受限玻爾茲曼機 (RBM)是玻爾茲曼機的一種特殊類型，具有兩層單元。 如下圖所示，第一層包含可見單元，第二層包含隱藏單元。 在這種受限制的體系結構中，層中各單元之間沒有連接。

The visible units in the model correspond to the observed components, and the hidden units represent the dependencies between these observed components. The goal is to model a joint probability of visible and hidden units: p(v, h). Because there are no connections between hidden units, the learning is effective as all hidden units are conditionally independent, given the visible units.

模型中的可見單元對應于觀察到的組件，而隱藏單元代表這些觀察到的組件之間的依賴關系。 目的是為可見和隱藏單位的聯合概率建模： p(v，h) 。 因為隱藏單元之間沒有連接，所以學習是有效的，因為在給定可見單元的情況下，所有隱藏單元在條件上都是獨立的。

A Deep Belief Network (DBN) is a multi-layer learning architecture that uses a stack of RBMs to extract a deep hierarchical representation of the training data. In such a design, the hidden layer of each sub-network serves as the visible layer for the upcoming sub-network.

深度信仰網絡 (DBN) 是一種多層學習體系結構，它使用RBM堆棧來提取訓練數據的深層次表示。 在這樣的設計中，每個子網的隱藏層用作即將到來的子網的可見層。

When learning through a DBN, firstly, the RBM in the bottom layer is trained by inputting the original data into the visible units. Then, the parameters are fixed up, and the hidden units of the RBM are used as the input into the RBM in the second layer. The learning process continues until reaching the top of the stacked sub-networks, and finally, a suitable model is obtained to extract features from the input. Since the learning process is unsupervised, it is common to add a new network of supervised learning to the end of the DBN to use it in a supervised learning task such as classification or regression (Logistic Regression layer in the image above).

通過DBN學習時，首先，通過將原始數據輸入可見單元來訓練底層的RBM。 然后，固定參數，并將RBM的隱藏單元用作第二層RBM的輸入。 學習過程一直持續到到達堆疊子網的頂部為止，最后，獲得合適的模型以從輸入中提取特征。 由于學習過程是不受監督的，因此通常在DBN的末尾添加新的監督學習網絡，以將其用于監督學習任務中，例如分類或回歸(上圖中的Logistic回歸層)。

Okay, it’s time to review the different Boltzmann Machines based recommendation framework!

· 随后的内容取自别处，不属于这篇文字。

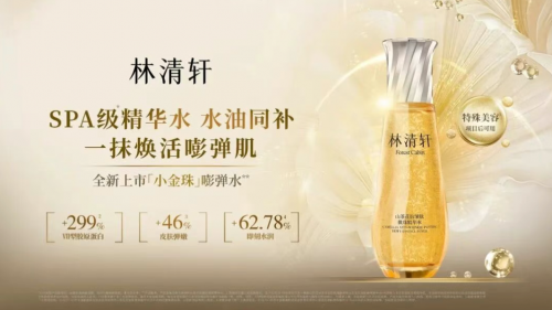 另一款上榜产品林清轩山茶花抗皱肽微珠精华水(小金珠嘭弹水)则凭借独特的“水油同补”创新理念与硬核功效数据,打破了人们对传统化妆水的认知。该精华水通过微流控悬浮技术,将约4300颗山茶花油凝珠均匀悬浮于精华水中,触肤即破,实现“水油同补”;同时添加了瑞士高山雪绒花原生细胞及六重黄金小分子抗皱肽,经实验验证可实现“28天毛孔体积减少65%、VII型胶原蛋白增加299%”的功效。数据显示,山茶花抗皱肽微珠精华水(小金珠嘭弹水)上市不到半年便创造了首发即售罄、首日销量突破2万单、首轮直播GMV超700万的成绩,并登上抖音双11化妆品类目TOP1,天猫爽肤水新品榜TOP1及抗皱精华水爆款榜TOP1。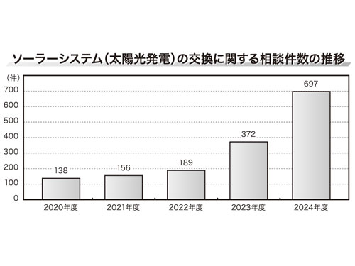 太陽光発電・蓄電池といった住宅設備関連の消費生活相談が急増している。東京都が公表した24年度の相談概要によると、ソーラーシステム(太陽光発電)の交換に関する相談件数は前年比87.4%増と急増。都による補助金制度で、太陽光発電システムに対する関心が高まって企業の信用性に関する相談が増えたほか、ネット検索からの商談、価格が適正なのかといった相談が目立つという。一方で、通販・ECに関する相談も全体の24%を占めており、特に「健康食品」に関する相談が前年比45%増で、定期購入に関する相談が今も増加している。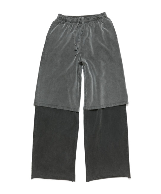 Layered trousers feature a top layer crafted from fleece cotton, a garment-dyed finish, and fluid long-length trousers as an under-layer. Detailed with logo embroidery at the back. Cut to a loose fit and long length. Loose fit . Mid waist .Elasticated waistband with drawcordLong length Double layered construction Logo embroidery Side pockets Model is 179 cm / 5'11 and wears a size SStyle ID: FN-WN-TROU001374 Shell: 100% Organic cotton, Contrast: 100% Organic cotton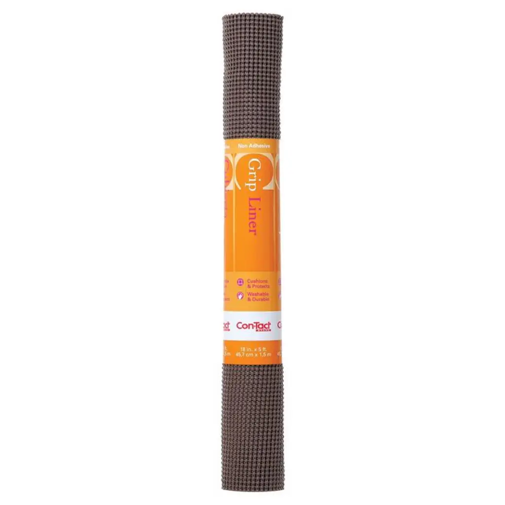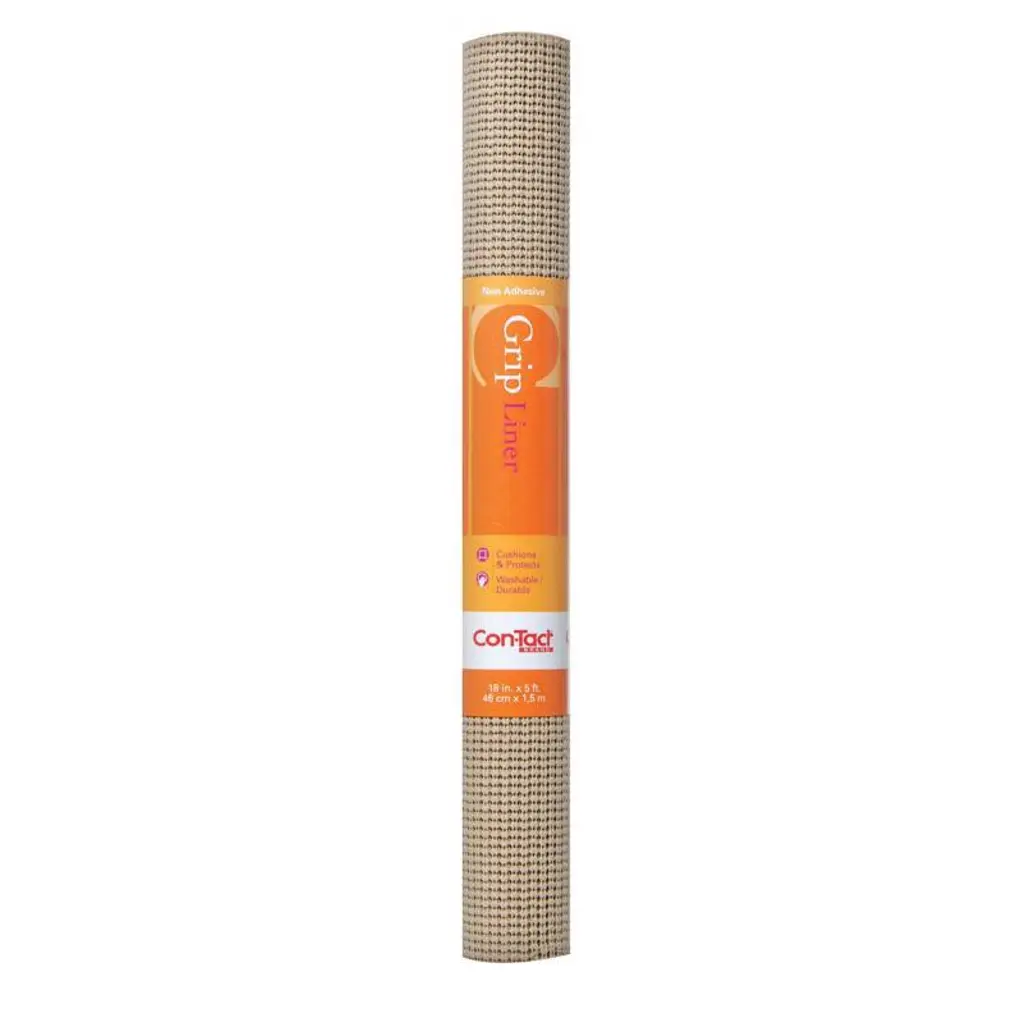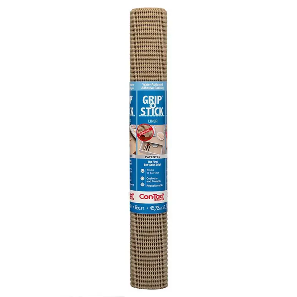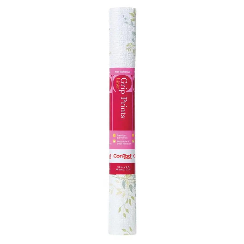 Con-Tact Brand Grip Prints drawer and shelf liner features a vinyl top surface with a non-adhesive grip backing. It offers a smooth and decorative waterproof top surface that is durable and protective while the bottom side is a cushioned non-adhesive grip that stays firmly in place without adhesives. The liner helps protect utensils and dishes from the surface they are stored on.

好的，是時候回顧一下不同的基于Boltzmann Machines的推薦框架了！

1 —協作過濾的受限玻爾茲曼機 (1 — Restricted Boltzmann Machines for Collaborative Filtering)

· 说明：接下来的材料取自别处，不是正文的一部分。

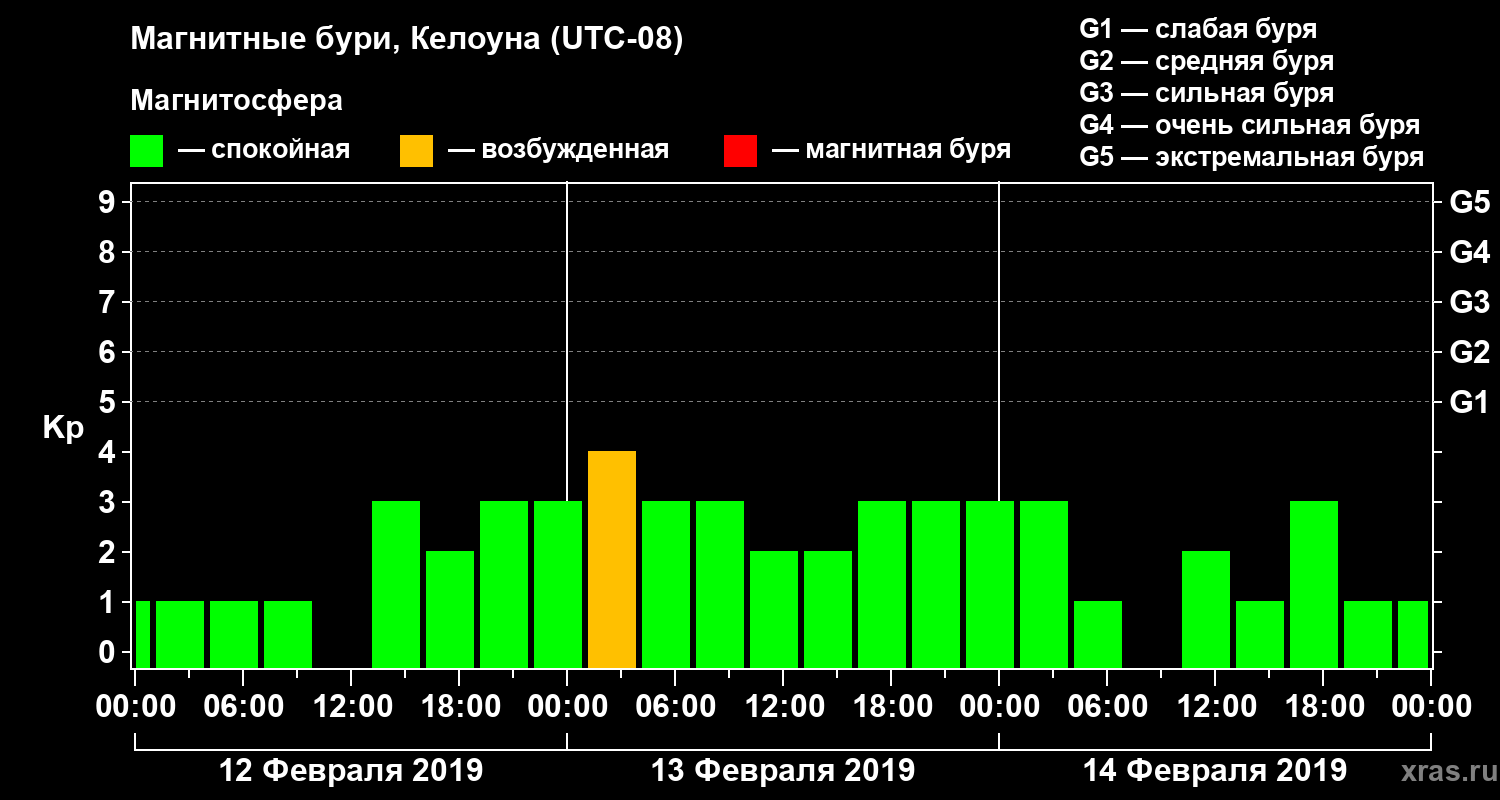 Магнитные бури в Келоуне 14 февраля 2019 года

Recall in the classic collaborative filtering setting, we attempt to model the ratings (user-item interaction) matrix X with the dimension n x d, where n is the number of users, and d is the number of items. An entry x?? (row i, column j) corresponds to user i’s rating for item j. In the MovieLens dataset (which has been used in all of my previous posts), x?? ∈ 0, 1, 2, 3, 4, 5 (where 0 represents missing rating).

回想一下經典的協作過濾設置，我們嘗試使用維度nxd來對評級( 用戶與項目互動 )矩陣X進行建模 ，其中n是用戶數，d是項目數。 條目x?? (行i，列j)對應于用戶i對項目j的評級。 在MovieLens數據集中(在我之前的所有文章中都曾使用過)，x??∈0、1、2、3、4、5(其中0表示缺少評分)。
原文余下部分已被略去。